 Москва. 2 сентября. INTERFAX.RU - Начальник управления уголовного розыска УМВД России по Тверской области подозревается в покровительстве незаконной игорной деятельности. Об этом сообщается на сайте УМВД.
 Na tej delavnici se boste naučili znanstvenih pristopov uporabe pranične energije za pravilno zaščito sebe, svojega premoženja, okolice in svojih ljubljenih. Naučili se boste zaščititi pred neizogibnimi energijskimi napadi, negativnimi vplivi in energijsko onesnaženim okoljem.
• • • • •
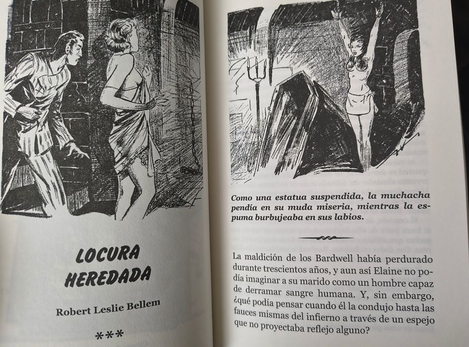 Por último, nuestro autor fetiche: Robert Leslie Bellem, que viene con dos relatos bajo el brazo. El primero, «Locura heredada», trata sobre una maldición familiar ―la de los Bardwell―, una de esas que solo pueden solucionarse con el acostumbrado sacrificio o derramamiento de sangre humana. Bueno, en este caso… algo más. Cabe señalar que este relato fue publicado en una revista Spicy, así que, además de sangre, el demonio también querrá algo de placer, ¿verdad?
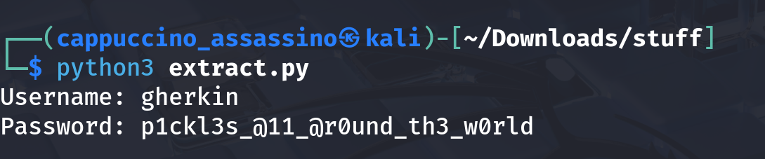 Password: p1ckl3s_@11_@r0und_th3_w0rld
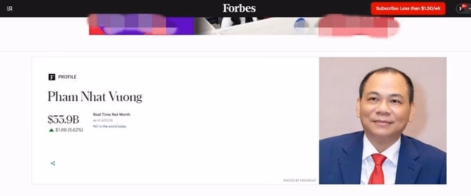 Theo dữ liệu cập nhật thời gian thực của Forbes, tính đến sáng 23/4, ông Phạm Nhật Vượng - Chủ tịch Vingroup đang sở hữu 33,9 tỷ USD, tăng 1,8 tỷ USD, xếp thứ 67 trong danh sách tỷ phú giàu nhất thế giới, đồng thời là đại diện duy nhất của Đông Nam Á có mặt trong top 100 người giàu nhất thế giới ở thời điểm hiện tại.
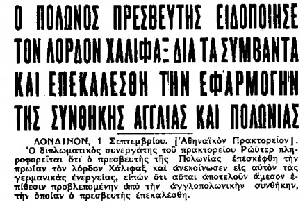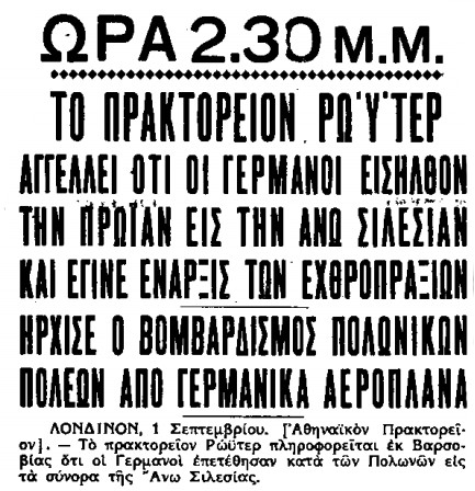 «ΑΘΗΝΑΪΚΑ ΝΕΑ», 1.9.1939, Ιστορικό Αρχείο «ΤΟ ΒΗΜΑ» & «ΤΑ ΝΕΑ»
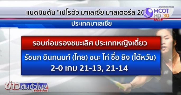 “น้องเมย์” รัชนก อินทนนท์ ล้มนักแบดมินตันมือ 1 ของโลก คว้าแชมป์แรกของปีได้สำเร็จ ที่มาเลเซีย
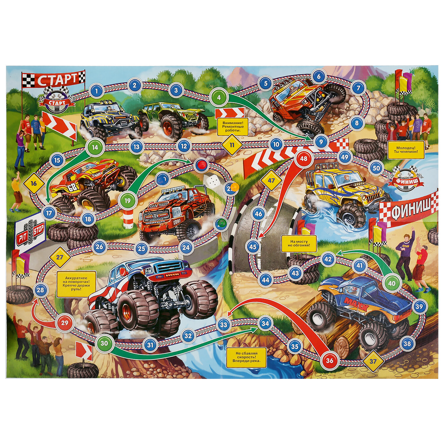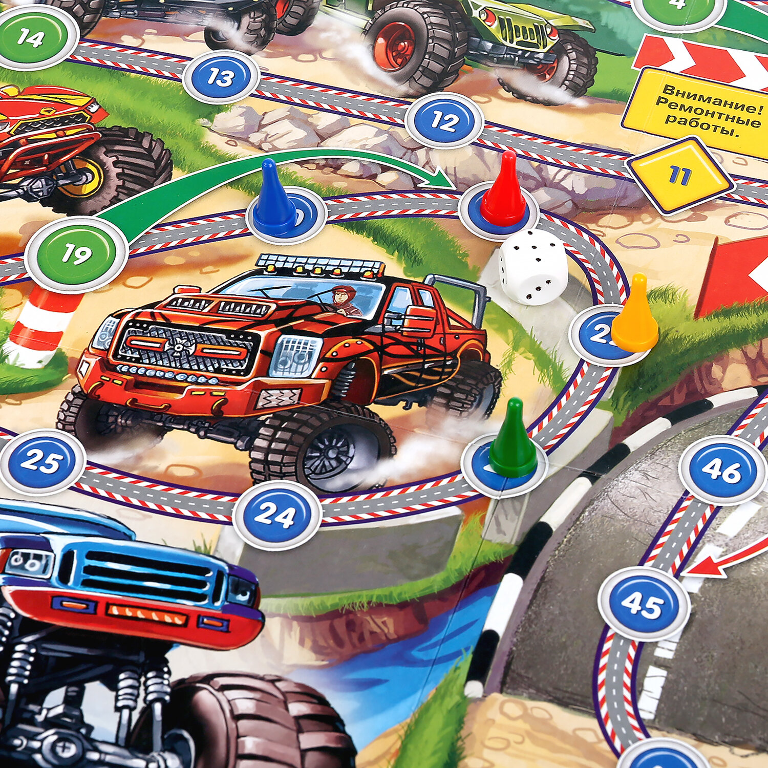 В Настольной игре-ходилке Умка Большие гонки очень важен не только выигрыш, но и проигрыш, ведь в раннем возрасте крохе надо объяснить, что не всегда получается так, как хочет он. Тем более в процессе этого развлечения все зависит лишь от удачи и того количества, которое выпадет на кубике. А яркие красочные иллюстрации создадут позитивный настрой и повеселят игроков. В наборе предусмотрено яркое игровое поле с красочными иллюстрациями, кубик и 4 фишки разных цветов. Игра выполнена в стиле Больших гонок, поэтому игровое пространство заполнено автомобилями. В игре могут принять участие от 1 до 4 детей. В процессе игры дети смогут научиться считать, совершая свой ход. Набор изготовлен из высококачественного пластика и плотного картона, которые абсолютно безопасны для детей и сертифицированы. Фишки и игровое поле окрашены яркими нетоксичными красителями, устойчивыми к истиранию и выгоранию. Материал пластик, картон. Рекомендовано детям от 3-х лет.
• • • • •
▸ Exercise details: From the material above, give again exactly the lines from the one that contains "Password: p1ckl3s_@11_@r0und_th3_w0rld" through the one that contains "Theo dữ liệu", and leave out the pictures.

▸ The completed task:
 Password: p1ckl3s_@11_@r0und_th3_w0rld
 Theo dữ liệu cập nhật thời gian thực của Forbes, tính đến sáng 23/4, ông Phạm Nhật Vượng - Chủ tịch Vingroup đang sở hữu 33,9 tỷ USD, tăng 1,8 tỷ USD, xếp thứ 67 trong danh sách tỷ phú giàu nhất thế giới, đồng thời là đại diện duy nhất của Đông Nam Á có mặt trong top 100 người giàu nhất thế giới ở thời điểm hiện tại.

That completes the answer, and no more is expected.